Required work: From the first line to the last, print the records exactly, leaving out the pictures.

Data items
_ _ _

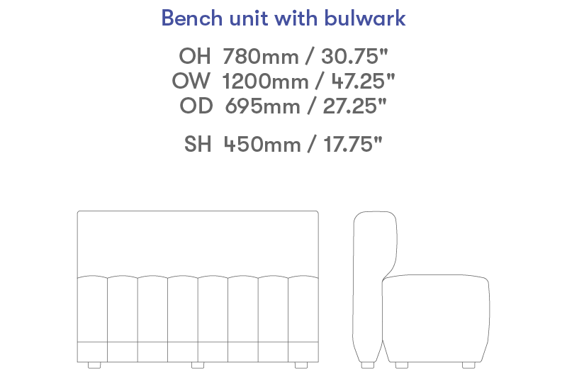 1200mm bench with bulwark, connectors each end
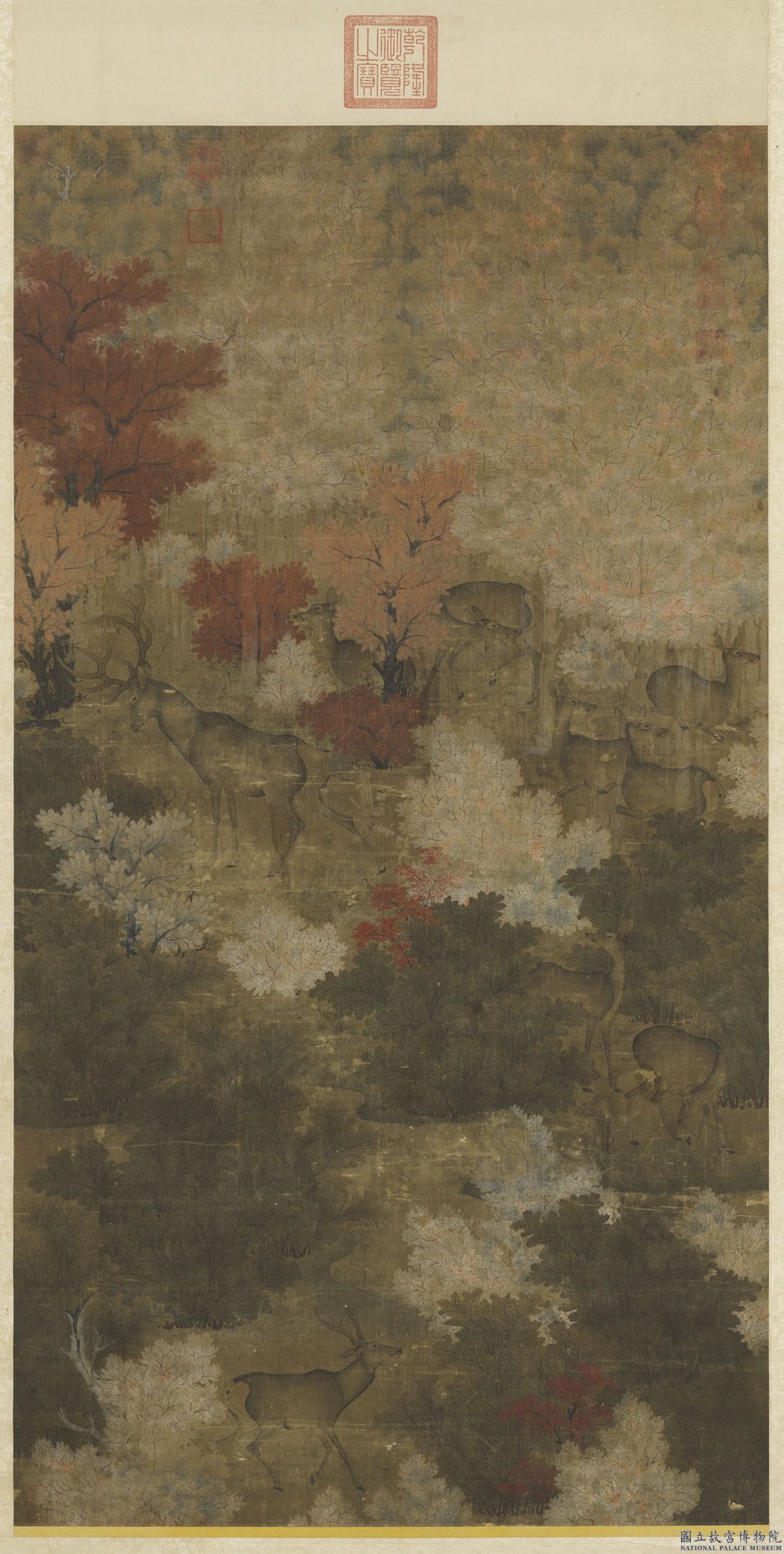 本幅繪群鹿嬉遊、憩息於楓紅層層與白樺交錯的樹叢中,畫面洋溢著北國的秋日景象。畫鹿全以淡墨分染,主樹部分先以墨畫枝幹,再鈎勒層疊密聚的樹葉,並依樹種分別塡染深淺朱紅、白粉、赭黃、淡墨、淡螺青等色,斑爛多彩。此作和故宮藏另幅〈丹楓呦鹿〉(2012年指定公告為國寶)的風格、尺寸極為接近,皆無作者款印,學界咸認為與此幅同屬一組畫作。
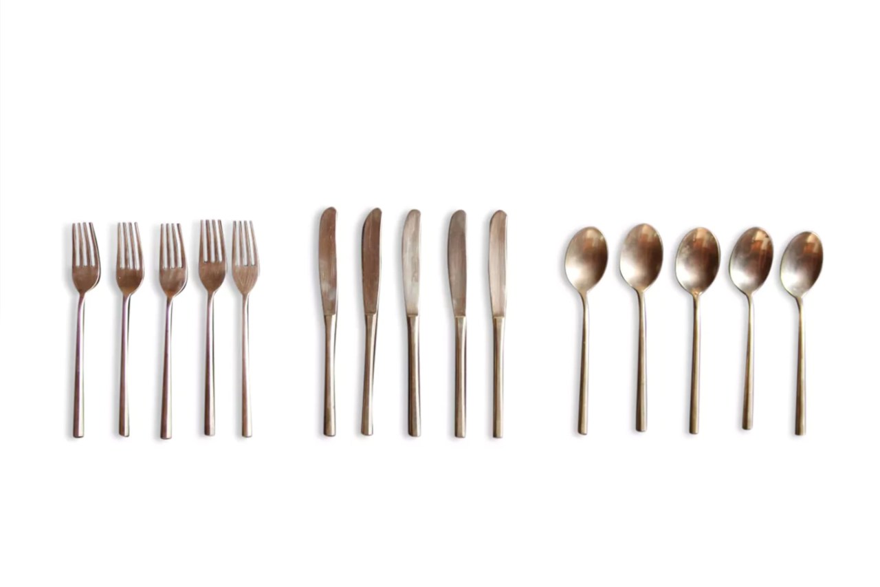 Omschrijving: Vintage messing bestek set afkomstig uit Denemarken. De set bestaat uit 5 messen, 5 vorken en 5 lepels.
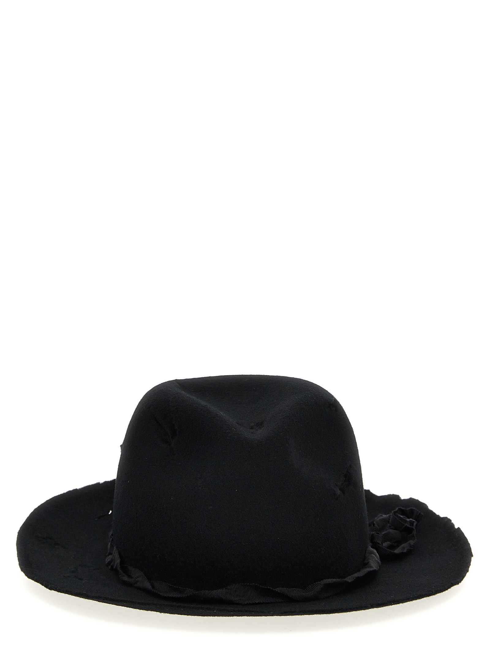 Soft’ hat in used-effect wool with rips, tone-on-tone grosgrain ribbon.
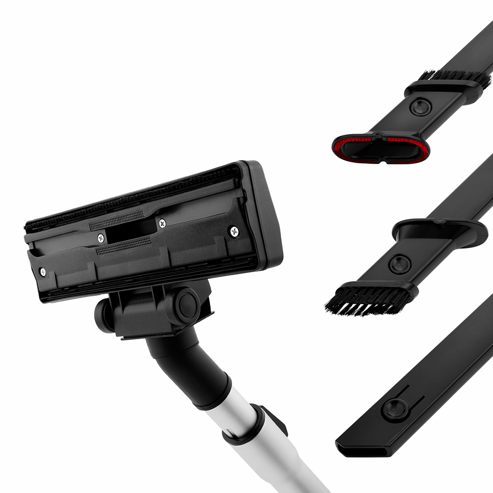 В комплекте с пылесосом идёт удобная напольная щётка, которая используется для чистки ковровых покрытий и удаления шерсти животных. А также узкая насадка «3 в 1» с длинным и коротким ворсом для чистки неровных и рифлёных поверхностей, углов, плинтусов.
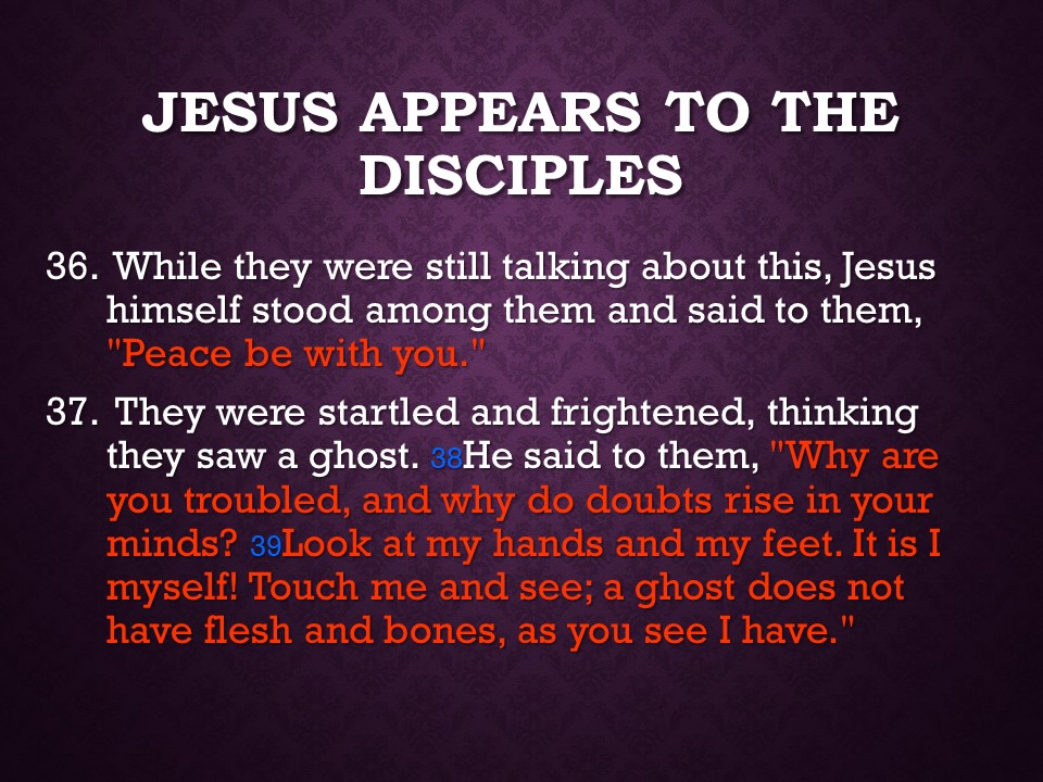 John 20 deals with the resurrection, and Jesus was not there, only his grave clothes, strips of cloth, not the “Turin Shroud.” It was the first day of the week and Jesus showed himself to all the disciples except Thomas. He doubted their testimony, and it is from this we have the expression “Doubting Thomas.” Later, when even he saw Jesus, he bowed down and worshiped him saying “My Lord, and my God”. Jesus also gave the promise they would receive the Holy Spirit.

_ _ _

Answer section:
 1200mm bench with bulwark, connectors each end
 本幅繪群鹿嬉遊、憩息於楓紅層層與白樺交錯的樹叢中,畫面洋溢著北國的秋日景象。畫鹿全以淡墨分染,主樹部分先以墨畫枝幹,再鈎勒層疊密聚的樹葉,並依樹種分別塡染深淺朱紅、白粉、赭黃、淡墨、淡螺青等色,斑爛多彩。此作和故宮藏另幅〈丹楓呦鹿〉(2012年指定公告為國寶)的風格、尺寸極為接近,皆無作者款印,學界咸認為與此幅同屬一組畫作。
 Omschrijving: Vintage messing bestek set afkomstig uit Denemarken. De set bestaat uit 5 messen, 5 vorken en 5 lepels.
 Soft’ hat in used-effect wool with rips, tone-on-tone grosgrain ribbon.
 В комплекте с пылесосом идёт удобная напольная щётка, которая используется для чистки ковровых покрытий и удаления шерсти животных. А также узкая насадка «3 в 1» с длинным и коротким ворсом для чистки неровных и рифлёных поверхностей, углов, плинтусов.
 John 20 deals with the resurrection, and Jesus was not there, only his grave clothes, strips of cloth, not the “Turin Shroud.” It was the first day of the week and Jesus showed himself to all the disciples except Thomas. He doubted their testimony, and it is from this we have the expression “Doubting Thomas.” Later, when even he saw Jesus, he bowed down and worshiped him saying “My Lord, and my God”. Jesus also gave the promise they would receive the Holy Spirit.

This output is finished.